Not to worry, Father Steve; it happens all the time. Hey, guess what? I heard last night that Jeopardy is going to be doing interviews for contestants in your area: I think you ought to try out.
( Eep--good thing I proofread a second time: I had first put Fatner Steve.
)
Sure enough, Jackie. Interviews are scheduled in little old Seattle.
"Due to the large number of applications for interviews, not all applicants will be granted an appointment. Applicants will be selected and notified via email with interview times and details until all appointments are filled. Although there is no fee charged for the audition itself, applicants are responsible for all expenses getting to and from the interviews."
This means that I registered on-line to be invited to an interview. Whee!
good luck last time i tried (and failed) the test had 50 questions, from the $400/$500 question (not the $100 easy ones!) if you've been watching, you'll recognize about 10% of the questions, (others are old, old, older...)

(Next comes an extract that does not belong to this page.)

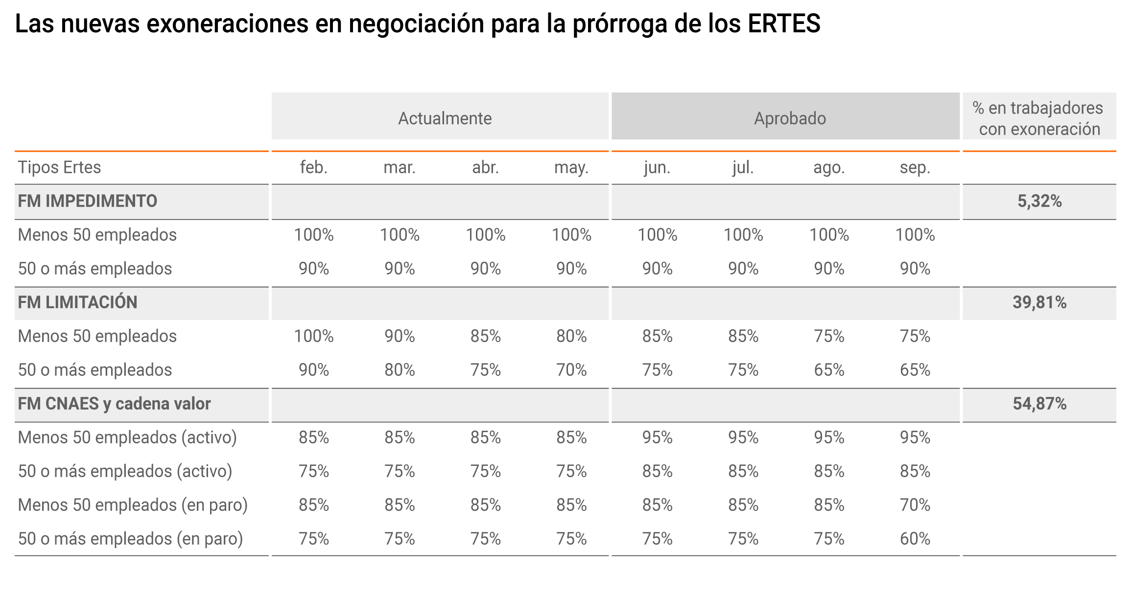 Dentro de las tres categorías de ERTE, el acuerdo contempla que en el caso de los de impedimento, a los que se acogen las empresas de cualquier sector que no puedan tener actividad por restricciones sanitarias, las exoneraciones se mantendrían en el 100% para empresas con menos de 50 trabajadores y en el 90% para aquellas con más de 50.

PS: look of a seat marked (on back or front with J, for jeopardy, or A for alex) --and sit there...not telling you why but do it!--there are often 2 or so per bulk auditions.
Dear Troy ~
Thanks for the benefit of your experience, but I think have to be "selected and notified" before I get to pick in which chair to park my ample behind.
I suspect that everyone who watches Jeopardy harbours the belief that one would do well on the show. I suspect that it is also harder than it looks. The timing of the pressing of the buzzer seems to have a lot to do with it. One is inspired, however, by the current champion's remarkable run. There was a great essay about it in a recent TIME Magazine: the conclusion was that he is not human but rather a sort of beta cyborg produced by a couple of bored engineers at nearby MicroSoft.
I don't believe I would do well at all on Jeopardy (Wheel of Fortune, now that might be a different story). I can't think of things fast enough--or at all.
This one guy is having a remarkable run, isn't he? My houseguest last weekend was saying that somebody had leaked to MSN, I think, how far he got. We were saying also that we thought that simply being so much more familiar with the buzzers than his new nightly opponents are probably gives him an advantage. I heard once that they are programmed so that a fast reader can't buzz in ahead of the others.
My dear--I certainly hope you get an interview. Seeing you on there would be fantastic!!
I hereby resolve that, if I am selected to appear on Jeopardy and I win, I will say something about how I owe it all to AWAD and further that, if I am selected and I lose, no mention of AWAD will pass my lips.
Great link, musick! Though now the theme song is whistling in my brain. Dang!
BTW, Dr. Bill sent a very helpful link to me as well via PM:
http://www.urbandictionary.com/define.php?term=goober&r=fI love some of those example sentences.
"The company of goobers is worse than no company at all."Amen!